Mad feels better than Sad, but does it?

Yesterday I lost one of the my first chickens. She was my Buff Orpington known affectionately as Nancy Drew. On Wednesday I saw that she was not doing well. In chicken farming, that usually means the end is near. Chickens do not let you know they are sick until it is too late. They hide their illness. I have learned not to feel bad anymore and that by the time I know, there is little I can do. I let myself feel sad rather than avoid the feelings. She was a good chicken who provided me with hours of joy and many, many eggs  Although she stopped laying a few years ago I felt she earned the right to stay for the duration of her life. I do not enjoy the painful feelings that come when we lose an animal, but it is inevitable as we usually outlive them. I also know that we humans as a group tend to hide or mask feelings a lot of the time.  For example, it is far more ladylike to look anxious than angry.

Therapists make mistakes too

 

Last week I continued to listen to a podcast of three jungian analysts. It is called “This Jungian Life.”  It helped me personally get through the pandemic. I would listen to them pretty much every night. I found myself feeling connected to them. It was very comforting.  Last week they spoke of all the anger around the country and that they felt that it was more related to how sad everyone is actually feeling about the current state of affairs. I felt they were exactly right about what is going on.  That is that “we would rather feel mad than sad.” Feeling mad is so much easier than allowing ourselves to feel sad.  Like when we leave a job or relationship, it’s easier to go when we feel mad vs. sad.  When I have a patient who is angry at me or  seems  mad, I will often ask to see if something I did made them feel upset. I make mistakes all the time.I am human. I readily own that I will NEVER be a perfect therapist. However, therapy is a relationship that is to be learned from. It is not only my patient who learns. I try not to beat myself up when I make mistakes, but I know I can feel badly when they happen. A mistake could mean me not offering empathy at the right moment, or letting my own feelings into the session.

Mean is the new normal

Outside my office I am disheartened to see the personal attacks on people for having differing opinions than one’s own. I have made a conscious choice to leave some forms of social media when it seems too personal. I wish we could all be kinder to one another and allow for differing opinions. Yesterday I was watching a conversation on social media. There were differing opinions. I watched one poster start a personal attack on the other poster for simply having a different view. I understand this comes from fear and sadness, but it seems endemic. That it seems to have become acceptable to lash out at people with differing views. I think the lack of dealing with that which makes us sad has infected social media. It has become a platform of meanness and “having to be right.” What might happen if we dealt with the sadness? I suspect those angry misguided feelings would evaporate. 

I will leave you today with a picture of Nancy Drew. She is the yellow one. She will always live on in my heart.

It Wasn’t The Fish

“One thing about which fish know exactly nothing is water, since they have no anti-environment which would enable them to perceive the element they live in.” ― Marshall McLuhan, War & Peace in the Global Village (1968)

Many times in life we can be so heavily immersed in something that we miss what is actually happening around us. What I mean by this is if I am so involved in a movement or cause that I may fail to see my own short comings or how I too am like what I seem to be fighting for or against. The bigger question is “what is it I am fighting against inside of me?” “What am I afraid I might be?” Sometimes those short comings can look opposite of what I am fighting for but in essence opposites are just different sides of the same coin. For example, the opposite of love is not hate. It is indifference. Hate is a very strong attachment to the previous loved object. So instead of actually letting go of the relationship or person, I am still holding on very tightly but in a negative way. This happens frequently in contentious divorces.

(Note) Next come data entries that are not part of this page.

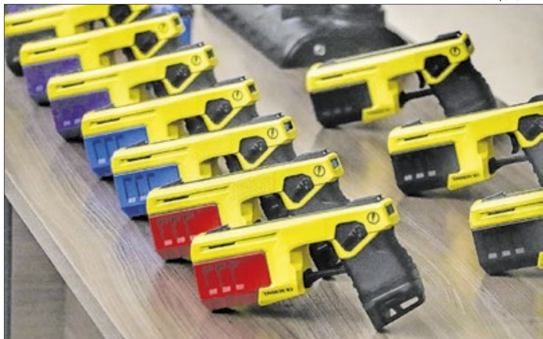
A compra inicial prevê 1.000 armas para a Polícia Militar

O contrato assinado prevê testes e o recebimento provisó-
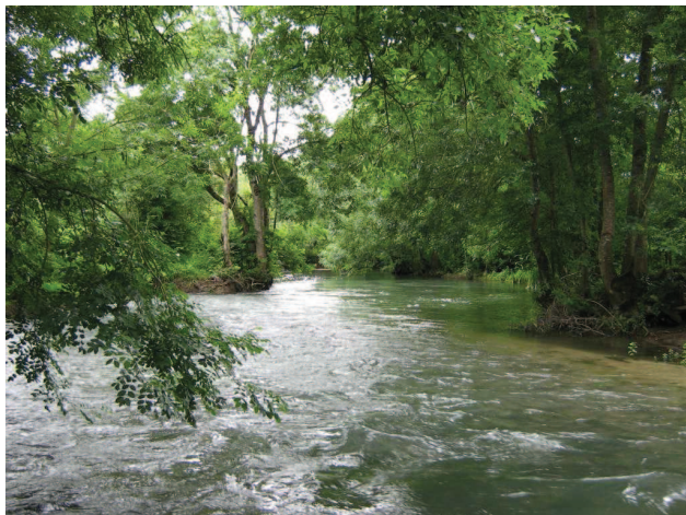
Ripisylve et cours d'eau de bonne qualité et parcelles adjacentes présentant un couvert végétal important

Cependant des collisions ont été notées sur la commune de Périgné à la jonction de la D740 et de la Belle. Des aménagements sont nécessaires à ce niveau.
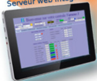
Serveur web intégré

Avec une disponibilité Panafricaine et une expertise avérée, ACS se présente comme l'acteur idéal de tous vos projets Domotiques.
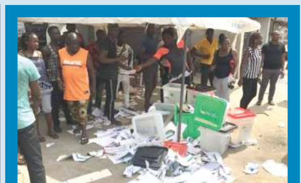
Maboksi ya kupigia kura yalitelekezwa katika Wilaya ya Isolo huko Lagos. PICHA ZOTE: MTANDAO

Kutokana na hitilafu ya mambo, kutokumilikiwa kwa mipango na vurugu katika baadhi ya maeneo uchaguzi umesogeza mpaka hapo baadaye.
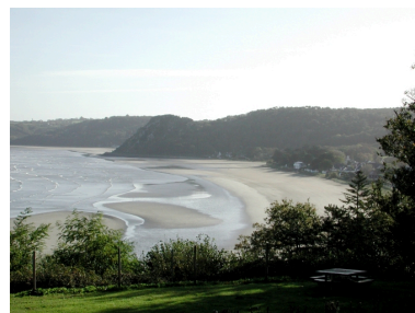
Vue générale de la plage de Saint-Efflam depuis le manoir de Kerallic
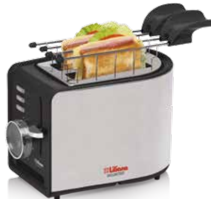
Imágenes solo de carácter ilustrativo

Este aparato no está pensado para ser usado por personas (incluidos niños) con capacidades físicas y mentales reducidas, que no posean experiencia en el
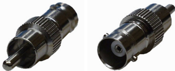
Artikel Nr.: 20900

Dieser Adapter ermöglicht den Übergang von einem BNC-Stecker auf eine Chinch-Buchse.
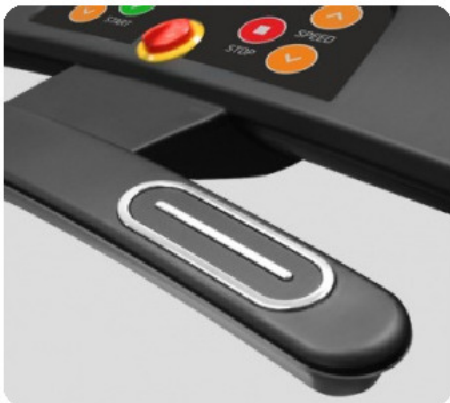
СЕНСОРНЫЕ ДАТЧИКИ ПУЛЬСА
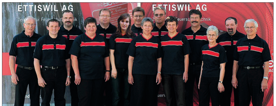
Das SE-Feuerwehr-Team bedankt sich für die gute Zusammenarbeit.
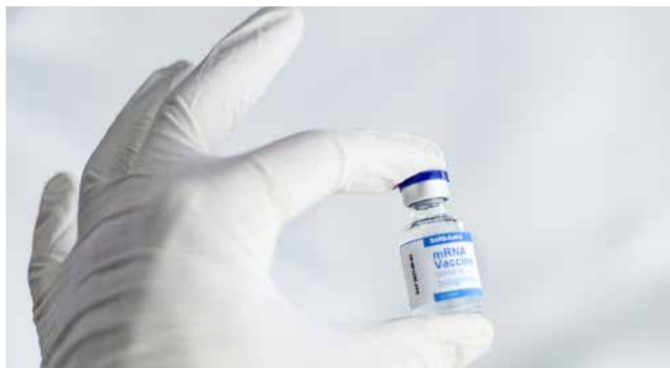
Dosis de la vacuna.

El fin del Estado de Alarma y de muchas de las res-
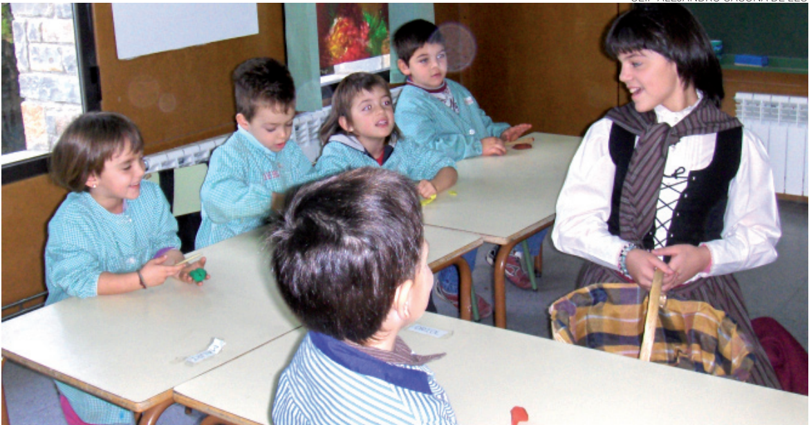
Era castanhera arremassant es castanhes en P4.
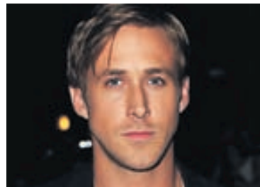
RYAN GOSLING
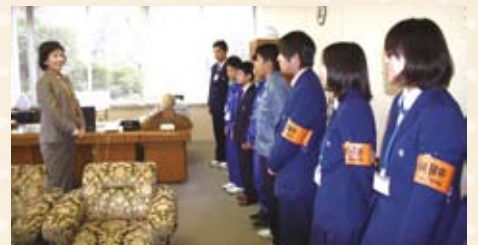
「3日間頑張ります」と町長へあいさつ
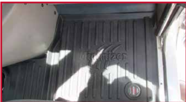
Figura 10 - Tapete del pasajero en posición

17. Utilice el mismo proceso indicado en los pasos 7-14 anteriores para fijar el gancho de retención del tapete del pasajero al piso. Siga los mismos pasos básicos para aplicar Primer 94 en la superficie y fijar el gancho al piso de la cabina como se muestra en la figura 11.
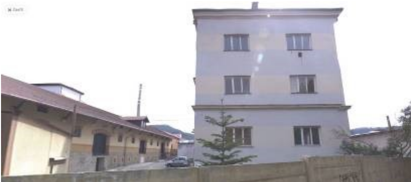
Správní a administrativní budova s bytem
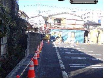
重機も入ってブロック塀の撤去を行っています (2/18撮影)
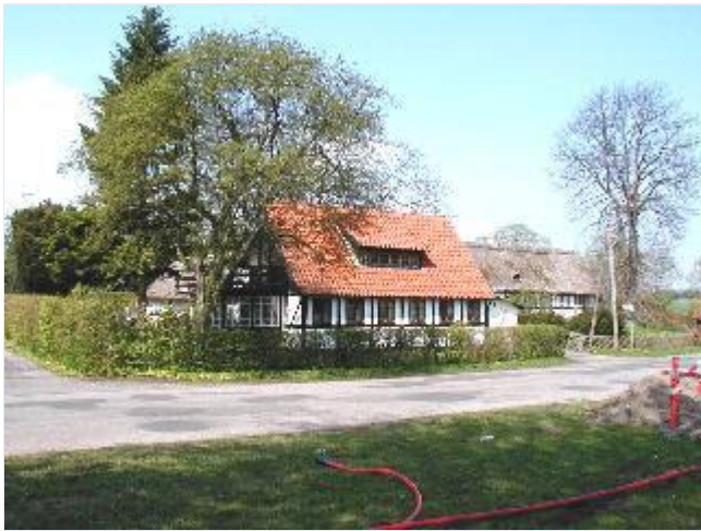
Foto: 8. Småhuse i bindingsværk på Nybyvejs vestside modsat kirken
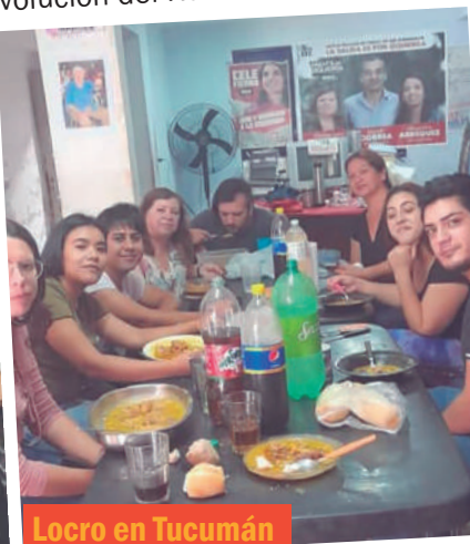
Locro en Tucumán
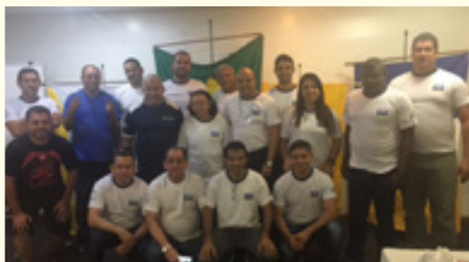
ENCAD AM, RR e AC
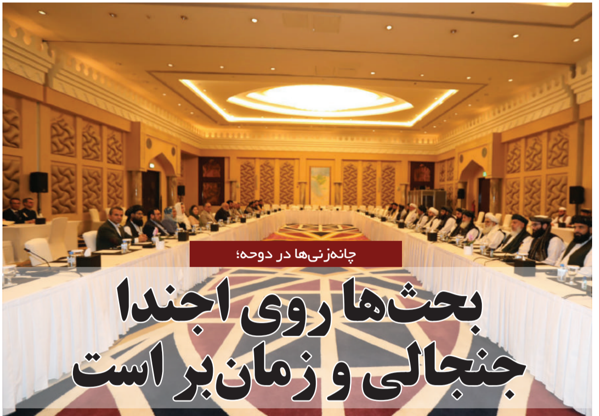
چانهزنی‌ها در دوحه؛

If one or both parties “hate” each other they may fight for years in court. This does nothing more than keep the two very negatively attached. Or years later one or both parties is still unwilling to let go by keeping past grievances alive.

Can I get a side of pain, please?

So if I am a fish swimming in the water and I have nothing to compare the water to, I don’t really know that I am swimming in water. When my patient grows up in a family where she is told she is loved but family members are also mean to her, this becomes her “normal.” My patient then learns love comes with pain. Going forward, her adult relationships resemble this familial pattern.  She finds herself in painful relationships that resemble her past.  Unbeknownst to her she picks  partners who confirm what she has known before. That being loved in such a painful way is the norm. She learned that if someone really loves her then of course they would treat her badly!

Therapy is deeper work

Therapy is not to make us feel better and to have the therapist cheerlead away the problems. It is a process of discovery. It is learning to immerse ourselves in a discovery process. Lawyers use discovery to get at the truth. In therapy it’s kind of the same thing. Finding our truth is the way out of the dark and frequently murky water.